3. The system and the method provided by the invention have certain significance on the aspects of continuous safe production and engineering, realize continuous production, rapid and efficient conversion and high selectivity of clethodim, achieve the total yield of about 98 percent and the content of clethodim of about 95 percent, and have higher economic, environmental and social benefits.
Drawings
FIG. 1 is a flow diagram of a system for the continuous synthesis of clethodim according to the present invention.
FIG. 2 is a front view of a micro-structured hybrid chip of microchannel reactor I of the present invention.
FIG. 3 is a front view of a reaction chip of microchannel reactor I and microchannel reactor II according to the present invention.
In the figure, 1-metering pump; 2-microchannel reactor I; 3-microchannel reactor II; 4-product collector.
Detailed Description
The invention will be further illustrated and described with reference to practice of the invention.
The raw materials of the invention, namely the trione, the chloramine and the reagent are all purchased from the market, and the invention is not detailed.
As shown in fig. 1, a flow diagram of a system for the continuous synthesis of clethodim for use in examples 1-9 of the present invention; the system comprises a micro-channel reactor I, a micro-channel reactor II and a product collector which are sequentially connected in series; the microchannel reactor I and the microchannel reactor II are both provided with heat exchange devices; the product collector is a collection kettle; the system also comprises two metering pumps 1; and the two metering pumps are communicated with the inlet of the micro-channel reactor I.
The I channel structure of the microchannel reactor is formed by alternately arranging rhombic grooves and rhombic grooves with cylindrical turbulence, and the inner diameter of the microchannel is 0.1-3 mm.
The channel structure of the microchannel reactor II is arranged in a Z shape or a zigzag shape, and the inner diameter of the microchannel is 0.2-5 mm.
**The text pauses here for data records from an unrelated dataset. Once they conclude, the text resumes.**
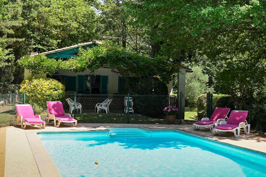 Chalet avec piscine privée sur un terrain arboré dans le Parc Régional du Haut Languedoc. 1 chambre.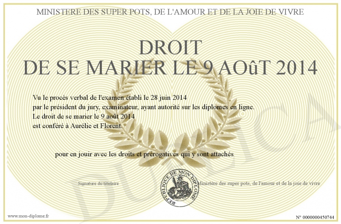 Envoyez par email votre Droit de se marier le 9 août 2014 personalisé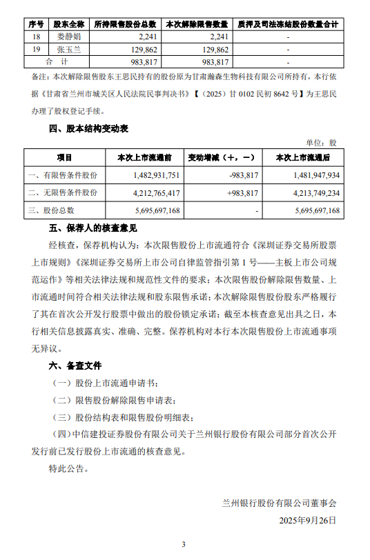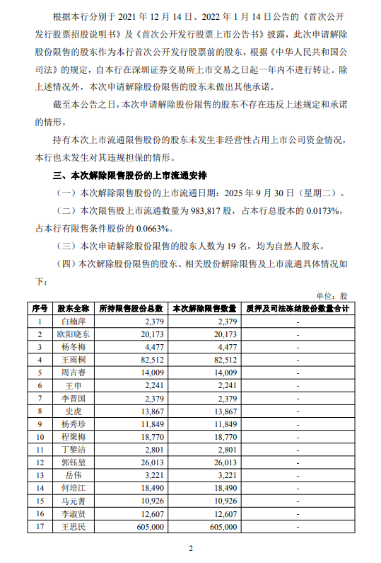 9月26日金融一线消息,公告,公司限售股份约98.38万股将于2025年9月30日解禁并上市流通,占公司总股本比例为0.0173%。本次申请解除股份限售的股东人数为 19 名,均为自然人股东。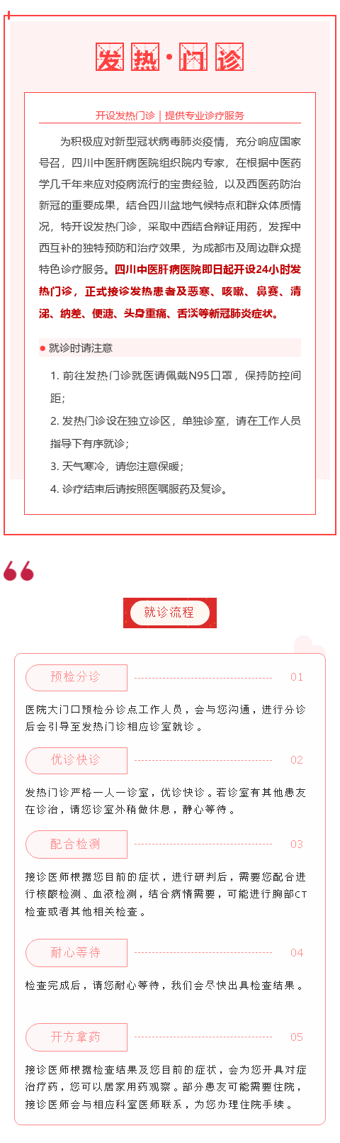 通知!四川中医肝病医院开设发热门诊,满足患者就医需求
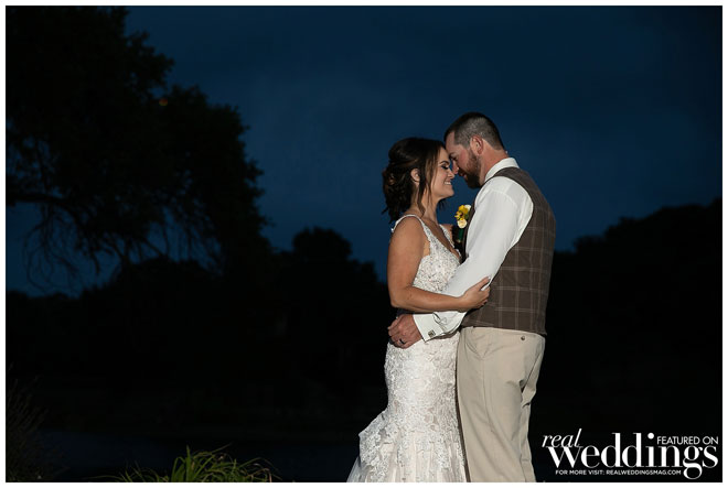 They chose to have their wedding at Dodasa Ranch, a breathtaking venue according to the bride. “It was under a huge oak tree with a beautiful lavender field behind it,” she says. “It was everything we were hoping to find.”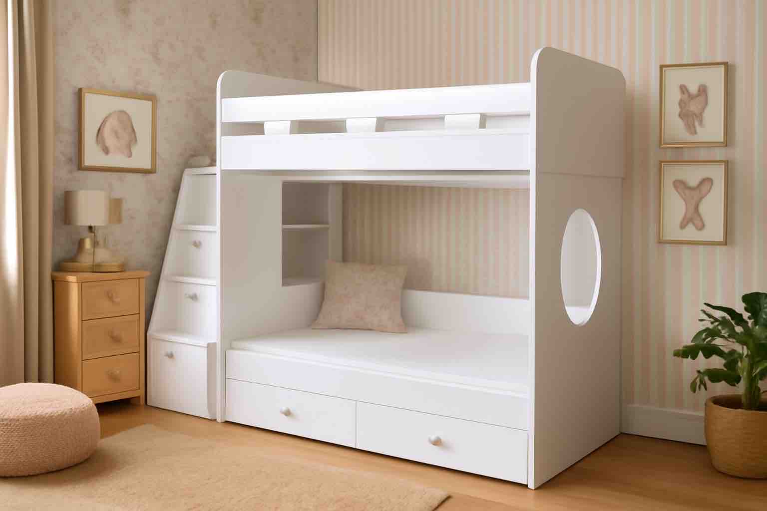 Двухъярусная кровать Фортуна-2 с удобной лестницей, высоким, безопасным бортиком и комфортной высотой.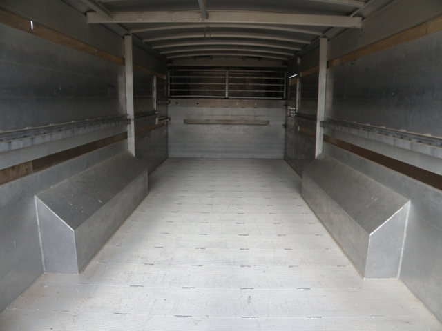 20 ft gooseneck. Full width of 8′ 3″ inside. Very clean trailer, like new. Used only to haul weaner pigs. Powerwashed and disinfected between each load. Has deck rails. No decking. No center gate but it can be added. Four roof vents, fully adjustable.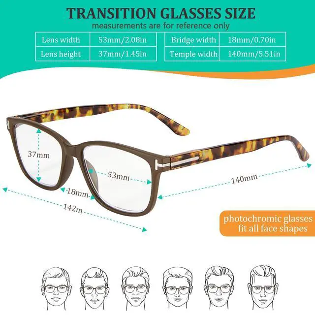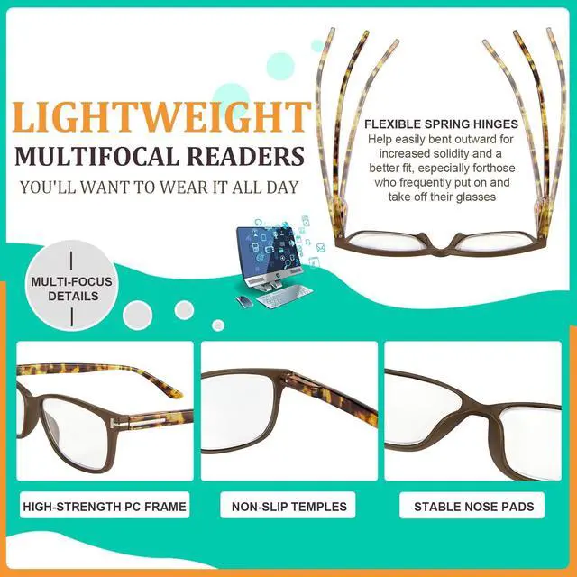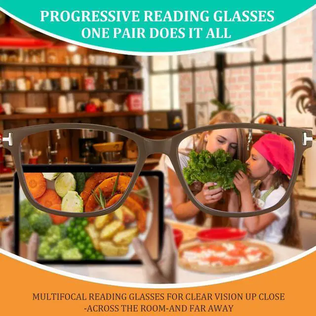 Progressive Reading Glasses LensesOne pair of multifocal reading glasses, perfect for vision. For your computer, your book, and everything in between ^^ Photochromic Reading Glasses Block SunlightProgressive photochromic readers are all-in-one readers that darken in the sun. Enjoy clear vision indoors and automatic sunglasses outdoors ^^ Ultra-Lightweight & Spring HingesLightweight comfort that lasts all day for progressive readers. Under 0.9 oz, shatter-resistant lenses, spring hinges can be opened outwards, and a flexible, non-slip fit for every head ^^ Perfect for Indoor & Outdoor - Seamless Vision Anywhere Your go-anywhere transition reading glasses.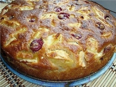 На подготовленную форму (прогреть, смазать), выкладываем часть теста, затем яблоки и наверх выкладываем оставшуюся часть. Выпекаем в духовке при температуре 180 градусов примерно минут 40-45.

The microchannel of the microchannel reactor I and the microchannel reactor II is made of 316 stainless steel; the volume of the microchannel reactor II is larger than that of the microchannel reactor I.
Example 1
The chloramine (purity: 93.8%) and the trihydroxy ketone (purity: 94.0%) are used as raw materials, and the ethanol is used as a solvent. Dissolving the trione in ethanol to prepare the ethanol solution of the trione with the content of the trione of 50wt percent. The chloramine and the ethanol solution of the refined trione are respectively pumped and fed at the flow rates of 4ml/min and 20ml/min for 5min, and the feeding amounts are respectively: 21.9g (0.19mol) of chloramine and 91.8g (0.16mol) of ethanol solution of the refined trione, and the feeding molar ratio of the chloramine to the refined trione is 1.19. The two raw materials are intensively mixed and reacted in a parallel microchannel reactor I with a channel hydraulic diameter of 0.5mm and a liquid holding volume of 7.2 ml; the reaction mass was further mixed and reacted in microchannel reactor II with a total residence time of 43 seconds for the reaction mass in both reactors. And meanwhile, controlling the reaction temperature of the microchannel reactor I and the microchannel reactor II to be 75 ℃, enabling the product to enter a collector, cooling to 20-25 ℃, adding dilute hydrochloric acid, separating a water phase, washing an organic phase to be neutral, and performing decompression and desolventization to obtain 56.9g of the product. Detecting with Agilent 1260 liquid chromatograph with C-18 chromatographic column and GB22614-2008 to determine product content. After analysis: the concentration of the protamine is 0.7 percent, and the concentration of the clethodim is 96.5 percent. Conversion rate (raw material refined trione mass-product total mass x product refined trione concentration)/(raw material refined trione mass) x 100%
Yield ═ yield (total mass of product × clethodim concentration)/(mass of raw material refined trione × 359.91/270.39) × 100% refined trione conversion ═ (91.8 × 50% × 94% -56.9 × 0.7%)/(91.8 × 50% × 94%)/(91.8 × 50% × 100% > × 99.1% clethodim yield ═ 56.9 × 96.5%)/(91.8 × 50% × 94% × 359.91/270.39) × 95.6%
Examples 2 to 4
Using the same continuous clethodim synthesis system as in example 1, the protamine was dissolved in ethanol to give an ethanol solution containing 50 wt% of protamine. The difference from the embodiment 1 is that: the molar ratio of the chloramine to the refined trione is 1.15, the flow rate of the refined trione is 40ml/min, the flow rate of the chloramine is 8ml/min, and the total reaction residence time of materials in the microchannel reactors I and II is 22 seconds. In the reaction process, the reaction temperatures of the microchannel reactors I and II are the same, and the reaction temperatures are controlled to be 55 ℃, 65 ℃ and 70 ℃ respectively in examples 2-4, and the results of the products are shown in Table 1 respectively.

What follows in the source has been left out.